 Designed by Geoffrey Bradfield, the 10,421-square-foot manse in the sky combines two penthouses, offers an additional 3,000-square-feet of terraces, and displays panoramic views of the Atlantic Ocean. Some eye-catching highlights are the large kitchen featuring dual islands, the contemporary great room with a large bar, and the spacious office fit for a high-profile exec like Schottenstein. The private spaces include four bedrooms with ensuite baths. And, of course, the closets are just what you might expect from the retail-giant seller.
* * *
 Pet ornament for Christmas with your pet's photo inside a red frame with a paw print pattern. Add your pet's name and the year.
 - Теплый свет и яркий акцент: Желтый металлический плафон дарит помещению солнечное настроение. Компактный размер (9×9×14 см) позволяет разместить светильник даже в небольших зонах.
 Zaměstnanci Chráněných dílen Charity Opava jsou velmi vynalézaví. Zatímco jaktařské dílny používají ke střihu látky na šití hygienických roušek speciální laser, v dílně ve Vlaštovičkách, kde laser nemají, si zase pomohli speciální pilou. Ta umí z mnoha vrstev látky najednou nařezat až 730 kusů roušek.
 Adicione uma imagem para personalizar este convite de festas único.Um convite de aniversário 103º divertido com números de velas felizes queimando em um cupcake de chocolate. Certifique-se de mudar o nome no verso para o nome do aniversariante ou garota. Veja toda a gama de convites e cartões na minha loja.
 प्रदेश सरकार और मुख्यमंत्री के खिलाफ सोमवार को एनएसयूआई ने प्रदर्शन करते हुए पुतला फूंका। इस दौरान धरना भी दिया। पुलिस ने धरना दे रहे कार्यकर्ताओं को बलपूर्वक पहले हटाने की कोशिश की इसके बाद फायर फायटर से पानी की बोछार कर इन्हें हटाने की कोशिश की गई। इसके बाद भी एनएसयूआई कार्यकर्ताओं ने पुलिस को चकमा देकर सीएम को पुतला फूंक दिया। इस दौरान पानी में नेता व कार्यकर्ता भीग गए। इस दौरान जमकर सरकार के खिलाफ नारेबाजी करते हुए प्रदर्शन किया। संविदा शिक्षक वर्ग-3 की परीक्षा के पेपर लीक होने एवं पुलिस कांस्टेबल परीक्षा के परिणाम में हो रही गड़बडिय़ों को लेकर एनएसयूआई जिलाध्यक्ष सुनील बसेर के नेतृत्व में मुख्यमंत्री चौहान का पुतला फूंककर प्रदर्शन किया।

- _What is being asked_
Report every line above that has the string "with" in it.

- _Finished exercise_
 Designed by Geoffrey Bradfield, the 10,421-square-foot manse in the sky combines two penthouses, offers an additional 3,000-square-feet of terraces, and displays panoramic views of the Atlantic Ocean. Some eye-catching highlights are the large kitchen featuring dual islands, the contemporary great room with a large bar, and the spacious office fit for a high-profile exec like Schottenstein. The private spaces include four bedrooms with ensuite baths. And, of course, the closets are just what you might expect from the retail-giant seller.
 Pet ornament for Christmas with your pet's photo inside a red frame with a paw print pattern. Add your pet's name and the year.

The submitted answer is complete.